Parents and community demand answers after classmate and later teacher lop off biracial 6-year-old Michigan girl’s curly locks

Until recently 7-year-old Jurnee Hoffmeyer’s hair streamed down her back.

That is, until first a schoolmate and then a teacher took it upon themselves to take scissors to the biracial girl’s head.

Now she is attending a different school, as community members and even school board officials demand repercussions for the teacher and answers from the district.

This undated photo provided by Jimmy Hoffmeyer shows his daughter Jurnee Hoffmeyer, 7, before a classmate and a teacher cut her hair on separate occasions.
This undated photo provided by Jimmy Hoffmeyer shows his daughter Jurnee Hoffmeyer, 7, before a classmate and a teacher cut her hair on separate occasions. (Jimmy Hoffmeyer/AP)

The first time Jurnee came home shorn on one side, courtesy of a classmate on the school bus, her dad, Jimmy Hoffmeyer, chalked it up to little-kid antics. He brought her to a stylist for a snazzy, asymmetrical cut. But a few days later Jurnee came home from school in tears, her hair lopped off on the other side.

“She was crying,” Hoffmeyer told The Associated Press. “She was afraid of getting in trouble for getting her hair cut.”

This undated photo provided by Jimmy Hoffmeyer shows his daughter Jurnee Hoffmeyer, 7, after a classmate and a teacher cut her hair on separate occasions.
This undated photo provided by Jimmy Hoffmeyer shows his daughter Jurnee Hoffmeyer, 7, after a classmate and a teacher cut her hair on separate occasions. (Jimmy Hoffmeyer/AP)

The answer as to who had done it the second time surprised and enraged not just Hoffmeyer but also other parents and members of the community.

“I asked what happened and said, ‘I thought I told you no child should ever cut your hair,’ ” he said. “She said, ‘But Dad, it was the teacher.’ The teacher cut her hair to even it out.”

District officials and the principal have not provided an explanation adequate enough for Jurnee’s angry parents, or the community, or even the school board, which will discuss the matter at its May 3 meeting. The school said after the bus incident that the little girl had stolen the teacher’s scissors and that she would be dealt with, Hoffmeyer told AP. As for the teacher, rules did not allow for any punishment deeper than a note in her work file.

The incident happened at Ganiard Elementary School in Mount Pleasant, Michigan, about 150 miles northwest of Detroit. About 4% of the town’s 25,000 residents are Black.

Both the girl and the teacher who cut Jurnee’s hair are white, The Root noted. Hoffmeyer is Black and white, and his wife is white.

“I’m not one to try to make things about race,” he told AP. “I’ve pretty much grown up with only white people, myself.”

Given the fact that Black people often have to navigate the politicization and regulation of their hair, it might be hard to separate the two in this case.
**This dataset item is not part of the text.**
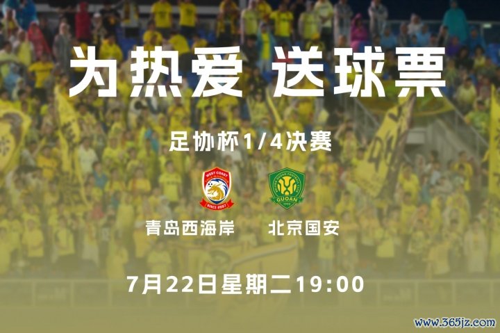 北京时间7月22日19:00,青岛西海岸与北京国安将展开足协杯8强首场对阵,吧友们有没有抢到这场赛事 的球票呢?焦点对决,现场看球才过瘾!小吧本次也为吧友们带来了球票好礼。

In Michigan, there are bills in the pipeline that would make it illegal to discriminate based on hair texture and styles including braids, locks and twists, according to WJRT-TV.

“I hope that your action to the librarian that did commit this act of hatred toward a 7-year-old girl who did not deserve it is more than a leave of absence or a paid leave of absence, because this was something far more traumatic than just cutting hair,” Mt. Pleasant Public School Board President Amy Bond said, according to WPBN-TV.

“After that teacher cut her hair, she was so embarrassed,” Hoffmeyer told WJRT. “So embarrassed. Because she had to go back to class like that.”